Except, just as I was getting ready to head to the studio, I was rung by a bemused BBC journalist asking me not to come. Darzi's team, at the last minute, had declared he was apparently uncomfortable taking part in a debate on the subject, and would rather discuss his proposals in an interview with a journalist. The journalist was suitably apologetic and emphasised that this was not something she had ever encountered before.
I couldn't work out whether I was outraged or oddly proud of having been effectively no-platformed by a member of the House of Lords. Yet the more I paid attention to the issue over the course of the day I noticed it was part of a pattern: Darzi was only giving interviews on the topic, not taking part in debates on a report he produced. It wasn't a personal slight: he just didn't feel comfortable debating the topic with anyone who wasn't an interviewer.
This seemed extraordinary: after all, the report was hardly a dusty academic review.

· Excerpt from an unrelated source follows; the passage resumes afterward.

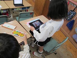 2時間目に校内を回っていると、2年生教室では子どもたちがタブレット端末を持って何かを撮っていました。教室に入って確認してみると、タブレット端末のカメラ機能を使って自分が描いた絵を撮っていました。おそらく、タブレット端末を持って帰って、おうちの人にその絵を見てもらうのでしょう。2年生は1年生の時、タブレット端末のカメラ機能を使ってあさがおの成長を記録したり、図画工作の時間に作った粘土の作品を保存したりした経験があるので、先生の力を借りなくても自分たちでその作業をどんどん進めることができていました。その様子を見て、2年生のすごさを感じたところでした。

It had been commissioned by the Mayor of London and promises, in Darzi's own words, measures "unprecedented in their scope…(which) amount to the biggest public health drive in the world".

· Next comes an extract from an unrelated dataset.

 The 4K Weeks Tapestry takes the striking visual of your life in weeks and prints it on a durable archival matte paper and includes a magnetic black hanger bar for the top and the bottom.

Given these proposals, according to Darzi, include banning smoking from public spaces, minimum alcohol pricing and banning takeaways from near local schools you'd think there would be plenty to debate: not least whatever the evidence could possibly be to justify these extraordinary measures. Even if there was evidence, of course, it also would not justify bypassing political debate about the enormous questions these pose to life in a supposedly liberal, free society.
While Darzi was undoubtedly given a critical examination by his interviewers, there is something deeply objectionable about government advisors deciding who it is they get to debate on public platforms. The same arrogance inherent in lobbying to limit what adults can do in public space is also present when refusing to debate the people who will be affected by your proposals.
I've taken part in many debates down the years with MPs, public health experts and anti-smoking campaigners: many good-natured, some bad-tempered but all ultimately people who feel some need to justify their arguments in the white-heat of public debate against an opponent who might give you a hard time. Evidently it is not an impulse shared by members of the House of Lords, especially ones on a moral mission to make London "the healthiest city in the world". Perhaps this antipathy to free debate partly explains why the report's advocates seem so baffled when anyone suggests these intrusive public health interventions may in some way be harmful to the notion of a free society.